But never, never in my life, would I think of myself as an anxious little Chihuahua standing in line at an LCBO.

By this time, the girl is paying for her six-pack. He is still talking to her, and I lean forward and say “well played” as if I’m giving him my blessing on his trespass; as if to say: I know you did it, but I’m going to let it go. He responds in kind by saying that he’s going to have the girl pay for his small bottle of liquor.

In the end they pay for their own liquor and leave separately. I want to shrug off the whole incident as just one of those things that one can’t make a scene over.

However, the thought lingers for the rest of the night. Lisa tells me to stop obsessing, but nevertheless, I think of recent times on the subway where my foot has been stepped on, and I think of a friend of mine who enjoys staring down other men (including police) from his car while idling at traffic lights.

Have I been listening to too much Ron Sexsmith? Have I been reading when I should have been out driving six-inch nails into two-by-fours with a framing hammer, just for the sake of it? Have I misplaced that mannish (and often childish) willingness to disturb the peace, to risk injury, for a perceived transgression?

We are told that we live in a civilized world, where we have institutions to mete out justice and provide security. But we are also told that civilization is always one generation deep. If civilization collapses I can help but worry whether I would be an Eloi, or an Eloi-eating Morlock? The fact that I know the difference between the two possibly demonstrates that I am spending a little two much time reading and not enough time outside knocking holes in things.

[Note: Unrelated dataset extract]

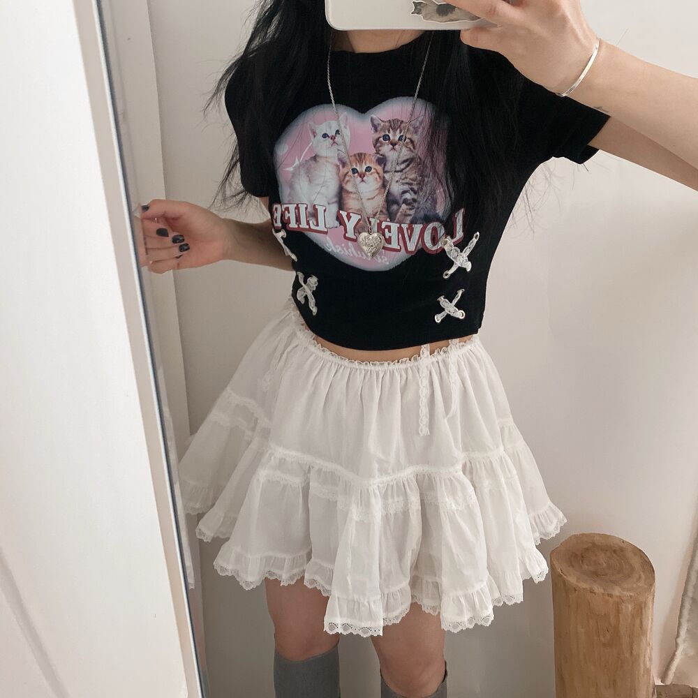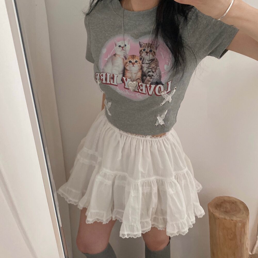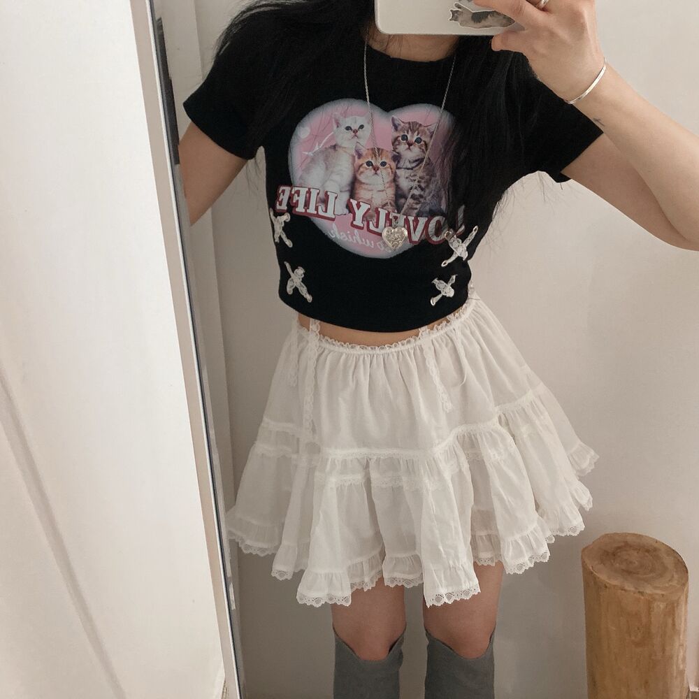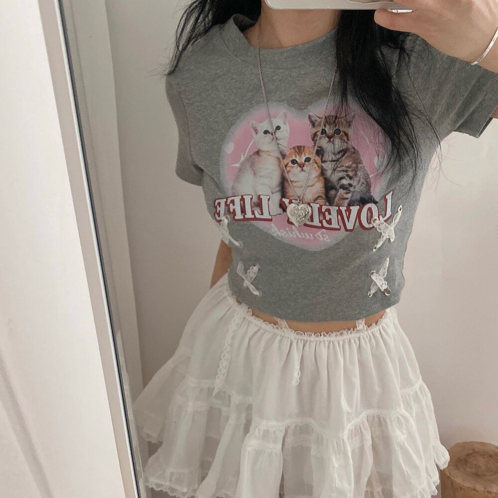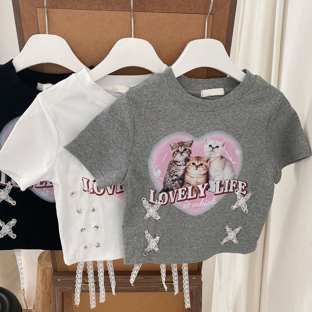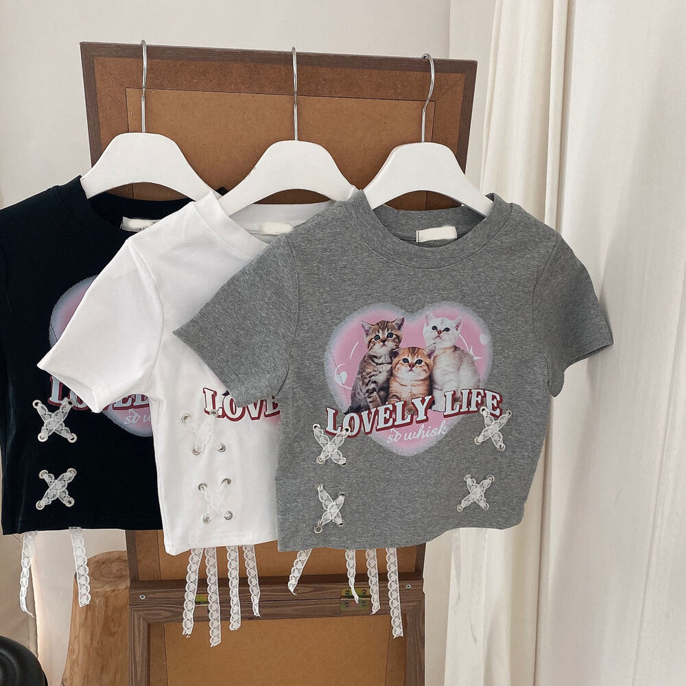 猫ハートプリントクロップドレース半袖Tシャツ
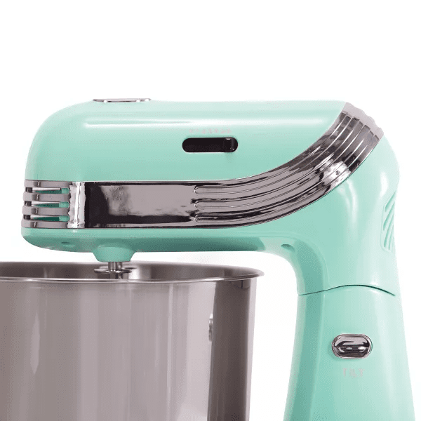 Be prepared for all your everyday baking and cooking projects with the Everyday Stand Mixer. Six preset speeds range from gentle mixing to high-speed whipping, and Dough Hooks are included for mess-free kneading. A tilting motor head makes adding ingredients or removing the stainless steel, 3 quart Mixing Bowl simple. Easy to clean and with a stylish retro design, this is the ideal mixer for everyday cooking.

Eeshh. I think I either need to quit obsessing, or join a local militia.

Other People’s Poetry

courtesy of guest poet Robert Colman
 

Bigger Again

What have I done with the world
today? I’m pretty certain I’ve let it
have its way. And that everyone is
tired of me, that I’ve barely tied
a knot in an hour, made it
fast. I don’t think death
more than once, although I do
spend a few days bent double,
trying to breathe, wondering

if it’s possible to forget how.
I haven’t touched anyone for days,
waving from behind sheer curtains.
Had no intention of
withdrawing this far, becoming
cotton wool, dull needle.
I had to leave a friend’s place
tonight – to write, type or at least

make noise that resembles voices
gathering just beyond the back fence.
I needed to give myself up
to something. Gorging on sweets,
the best chocolates, strawberries, spelt
bread, organic bananas. What I wanted
was to eat the sidewalk, and the dirt, and
the basin, and the shoes in my hallway.

This is the only way I know
how to talk – create an absurdity,
cause a scene, burn a memory.
Look at me, I’m drowning again
No. No, no, no. It’s too damn easy,
too fucking usual. The world knows
how to swallow me. But what does it take
to make me bigger again?

 

Beautiful Animals

I carry your telephone love you
out on my lunch hour walk.
The salt and the cold have burnt away
the snow, just a dust of white
rime in the roads, tongue-and-grooving
the tires, the slightest grit of teeth.
Everyone has been coughing
this dry air, the mirrored casings of
offices reflecting themselves
in a clarity of brutal blue and silver –
no equivocations, everything is
what it ought to be. Cars
fresh from the wash drip
like the mouths of dogs.
Smokers, faces chapped, unshaven,
rasp breath into their coats,
sharp-lipped. We are beautiful
animals, pretending this is all
we need, doing it on our own.
I come dangerously close
to forgetting your voice,
the weight of it in my strut,
playing my throat. And then
I worry it is bigger than
me, a mouth run to whispers.
I slide back somewhere between the two,
thirsty to trust, tasting the salt grit air
for balance, leaning
into the beauty,
close.

 

Rob Colman is a writer and editor based in Newmarket, ON. His poems have appeared in a variety of literary journals across Canada and his first collection, The Delicate Line, was published by Exile Editions in 2008.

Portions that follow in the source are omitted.